From data lake to data cube

This example opens a few files where each file represent a slice in a data cube. Then the slices are aggregated together in a single multi-dimensional data cube. For example each file may be a raster representing Sea Surface Temperature (SST) at a specific day, and those files can be a aggregated in a single three-dimensional raster with a temporal dimension.

A current limitation is that each slice must have the same number of dimensions than the data cube. For the example of SST raster for a specific day, the raster CRS must still have a temporal axis even if the grid contains only one cell in the temporal dimension. A future Apache SIS version will provide methods for adding dimensions.

This example assumes that all slice have the same size, resolution and coordinate reference system.
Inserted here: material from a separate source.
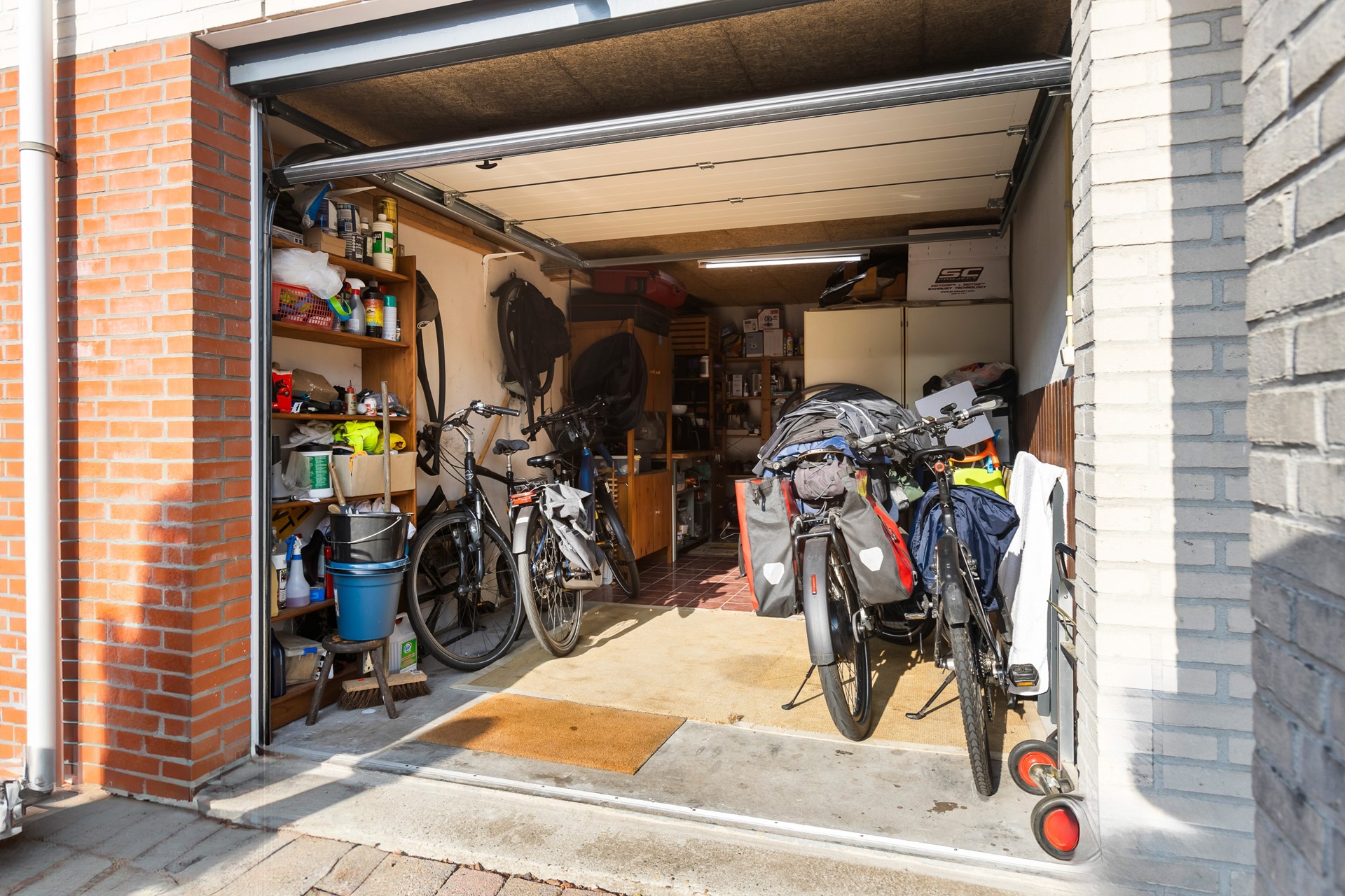Ruime garage met handmatige overheaddeur en elektra. Ideaal voor het stallen van spullen of een tweede auto.
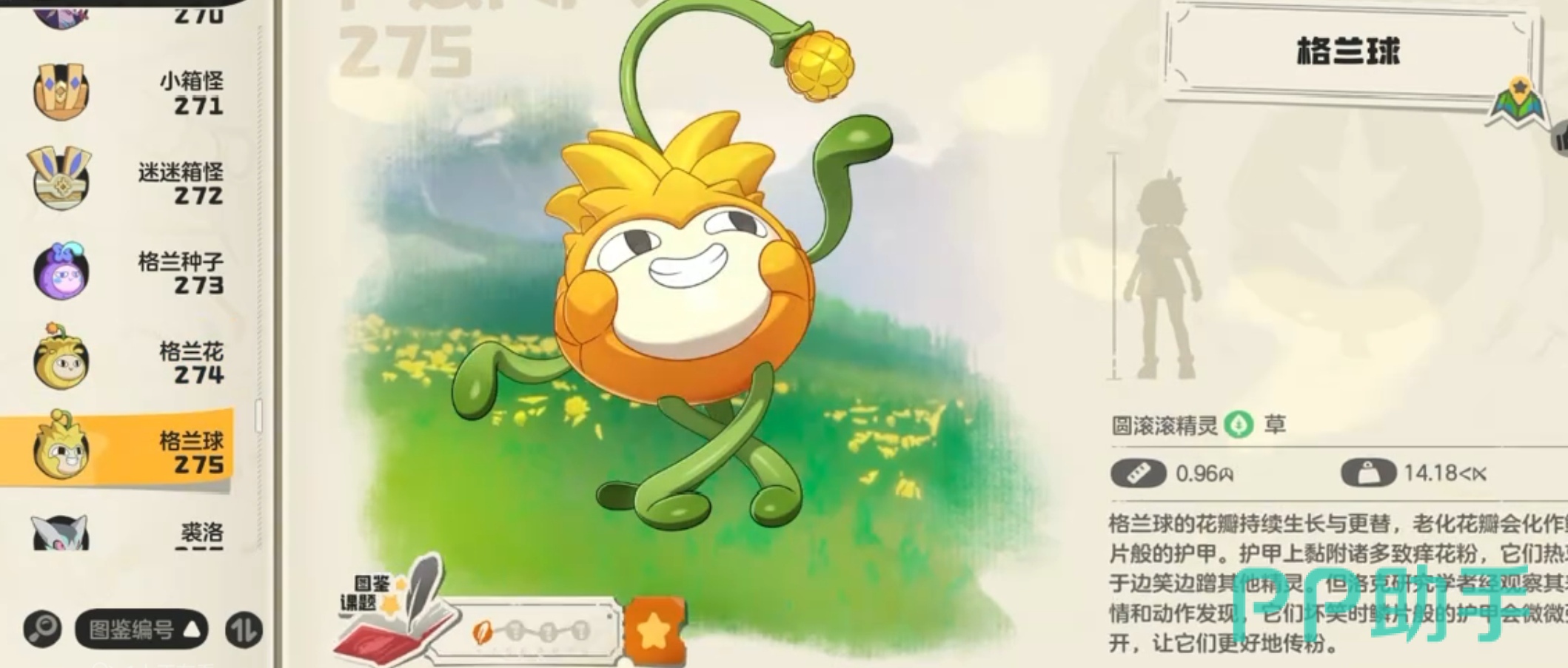 第六位推荐:格兰球 ,具备双草属性,对土系精灵具有明显优势。其特性“生长”可在每回合结束时恢复 12% 生命值,具备优秀的自我续航能力,在车轮战或持久消耗战中表现尤为亮眼,适合在命运对决模式中率先登场消耗敌方资源。可通过捕捉低等级的格兰种子逐步培养而成,而格兰种子分布广泛,易于获取,主要出现在回填山涧的魔力之源区域。

If this is not the case, the aggregation will still work but instead of producing a data cube, it may produce an Aggregate resource containing a tree like below:

Root aggregate
├─ All coverages with same sample dimensions #1
│  └─ ...
└─ All coverages with same sample dimensions #2
   ├─ Coverages with equivalent reference systems #1
   │  └─ ...
   └─ Coverages with equivalent reference systems #2
      ├─ Slices with compatible "grid to CRS" #1
      ├─ Slices with compatible "grid to CRS" #2
      └─ ...</pre>

A future Apache SIS version will provide methods for controlling the way to aggregate such heterogeneous data set.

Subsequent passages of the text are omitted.